GraniteShares provides investors with innovative exposure to the commodities market. These ETFs follow the same basic three-point philosophy:

  • Low Cost: GraniteShares ETFs are lower cost than nearly all other competing products tracking the same indexes.5
  • No K-1 Filings: Likely fewer delays at tax-time or surprise income to declare.
  • Familiar Product Structure: 40 Act structures may be familiar to advisors and investors and may avoid certain risks that may be associated with partnerships or other exchange traded products.

Among GraniteShares funds are the GraniteShares Bloomberg Commodity Broad Strategy No K-1 ETF (COMB) and the GraniteShares S&P GSCI Commodity Broad Strategy No K-1 ETF (COMG).
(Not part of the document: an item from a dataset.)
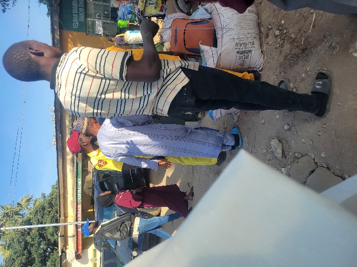 The scene depicts an outdoor urban environment, likely a street or market, in Bauchi, Nigeria, under clear daylight
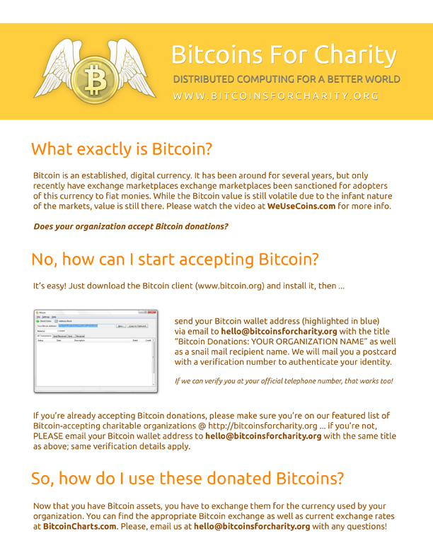 Как вы можете сказать, мы только три благотворительных перечисленным на нашем сайте. Это потому, что мы только особенность благотворительных организаций, которые принимают BTC пожертвования от своего имени. Мы не хотим, чтобы быть облегчить обменивающиеся средства, мы создали этот сайт для одной цели: чтобы сделать мир лучше. Мы не принимаем пожертвования от имени какой-либо партии, в нижней строке. Но мы начали принимать меры, чтобы информировать о благотворительных Bitcoin, и что первый шаг получить слово. Вы можете помочь нам, отправив этот флаер евангелизации Bitcoin и его использование. Не стесняйтесь Photoshop ваших TradeHill направления URL где-то на PDF, если вы хотите.

1 Source: World Bank, 2016
2 Bhardwaj, Geetesh; Gorton, Gary; and Rouwenhorst, Geert. Facts and Fantasies About Commodity Futures Ten Years Later". Yale International Center for Finance. 2015. PDF available at:
http://ssrn.com/abstract=2610772
3 In fact, commodities and inflation are so intertwined that commodities are baked into the very definition of inflation, which is commonly measured via the Consumer Price Index (CPI). The CPI's basket is one-quarter comprised of foodstuffs and energy stocks, and it is these two commodity subclasses that primarily drive the measure's day-to-day volatility.
4 Correlations measure how closely the performance of two assets are linked. A correlation of +1.0 indicates two assets that move up and down in perfect sync. A correlation of -1.0 indicates two assets that move perfectly opposite of one another: When one moves up, the other moves down the same amount. A correlation of 0.0 indicates perfect non-correlation: Each asset class moves independently of the other.